Yolk(23)



She sighs, bumps her door open with her butt, and shuffles back inside. I hobble in after her, shoving all the frozen foods in the freezer, and leaving the fridge stuff in the cooler bags for the morning.

I take a long, hot shower, luxuriating in the water pressure, the steam, and how the tub isn’t blackened with mildew. She’s left her bedroom door ajar, so I get in beside her in the king-size bed. The sheets are cool and expansive, and I’m calmed by her steady breathing. I wake up six hours later.

“Have whatever,” she grumbles when I find her in the kitchen. June has never been a morning person. I open the fridge to finish putting away my things. The smell is so intense, it feels invasive. It has the piercing quality of ammonia. In the back there’s a jar of pickles that’s carpeted with a thick layer of fur, which I didn’t even know was a thing for brined foods. In the crisper drawer is a ballooned sack of mixed field greens that have matured into a sludge. There’s also a container from Domino’s Pizza. In New York. We live in the town with the best slices in the world and my sister is ordering Domino’s Pizza. If there were ever an indication that your sibling was unwell, it’s this.

Her uncovered bowl of mapo from last night sits front and center. Complete with stale rice and chopsticks still stuck in it. Behind it are stacks of takeout containers and a petrified slice of red velvet cake in a plastic clamshell that hasn’t been shut. It looks like a wax sculpture.

I locate eggs and check the expiration date. I pair my Hidden Valley ranch dressing with her bigger one in the fridge door. I also slot my soy sauce and fish sauce in the pantry. I love that we have two of mostly everything.

“I’ll sleep on the couch tonight,” I tell her, cracking two eggs and depositing the whites into a ramekin with a damp paper towel on top.

“What did you do with the yolks?” she asks.

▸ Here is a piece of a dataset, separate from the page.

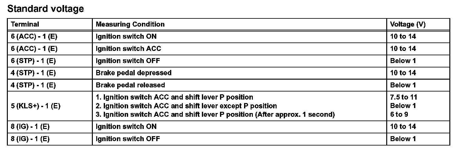 (d) Turn the ignition switch on (IG), depress the brake pedal and check that the shift lever can be moved to another position.

I glance at her guiltily. Her face is puffy from sleep.

“I chucked them.”

June hits her trash can pedal with her foot to peer inside.

“Not the literal trash. I’m not a total monster. The sink.”

“That’s fucked up.”

I don’t tell her that what’s really fucked up is the elaborate ecosystem that’s going on in her refrigerator. Her hair’s tied in a sloppy ponytail, and I can’t believe she’s wearing the woolly blue pajamas with yellow roses that Mom gave us two Christmases ago. The temperature’s in the sixties today, but June’s favorite thing has always been to crank up her central air and wear winter clothes inside. I bite my tongue about how she can be wasteful too.

“Next time get your own eggs,” she says groggily. I don’t tell June she has sleep in her eyes, out of spite. Even though I’m the only one who has to look at the goo.

“Fine.” I put the eggs in the microwave silently. I can’t wait until the week is out. “You did say help yourself to whatever, though.”

Something softens in her expression.

In the hazy morning light, a corona of baby hairs dance around her face. “I got those eggs from the farmers’ market,” she says. “They’re nonconflict, organic, grass-fed eggs that cost nine bucks for a thing.”

“Jesus.” I’m genuinely taken aback. “I had no idea.”

I check the carton. They look like regular eggs. If a little hipster because the label is a tasteful line drawing of chickens. It looks like a wine label. Or a sixties animation where real shit pops off, like the farmer kills a character for food.

“Whatever,” she says, waving her hand. “Take them. I thought I should start eating better and then forgot about them.”

I look down at my shriveled breakfast. I could have kept the yolks. Pretended I was ever in my life going to make hollandaise. Or flan. “Damn, the farmers probably christened each one.”

She smiles at my stupid joke. “Are you a farmer if you have chickens? Or is that only for, I don’t know, crops? Can you be like ‘I’m a chicken farmer’?”

“Hi. I’m a ‘cow farmer.’?” I try it out and grin. “Are we stupid? Why don’t we know this? I think it’s right though.” I raise a hand. “Hi. I’m a pig farmer. See there, I feel like I’ve definitely heard of pig farmers. That’s a thing for sure.”

She starts laughing. “I don’t know why, but the ‘hi’ is the dumbest part.”

I start laughing. “Is it the ‘hi’ part or the fact that I keep waving each time?”

We both crack up. Then it dawns on me. What the eggs signify. June once told me that organic food was a scam.

“Yeah, you can stay for a few days.” She pulls out a Chinese food container from the fridge and sniffs it. “What’d the bastard do?” She pries off the metal handle of the cardboard Chinese food bucket, folds it shut, and sticks it in the microwave.

“He was just a fuckstick,” I tell the back of her head.

I study her while she watches the box spin in the microwave.

June is scared. There’s no way she’d go to the farmers’ market and get ripped off on eggs if she wasn’t.





chapter 14


“I’m going to my thing,” she announces as I’m rinsing our breakfast plates. I watch her pull her hair out from the back of her coat.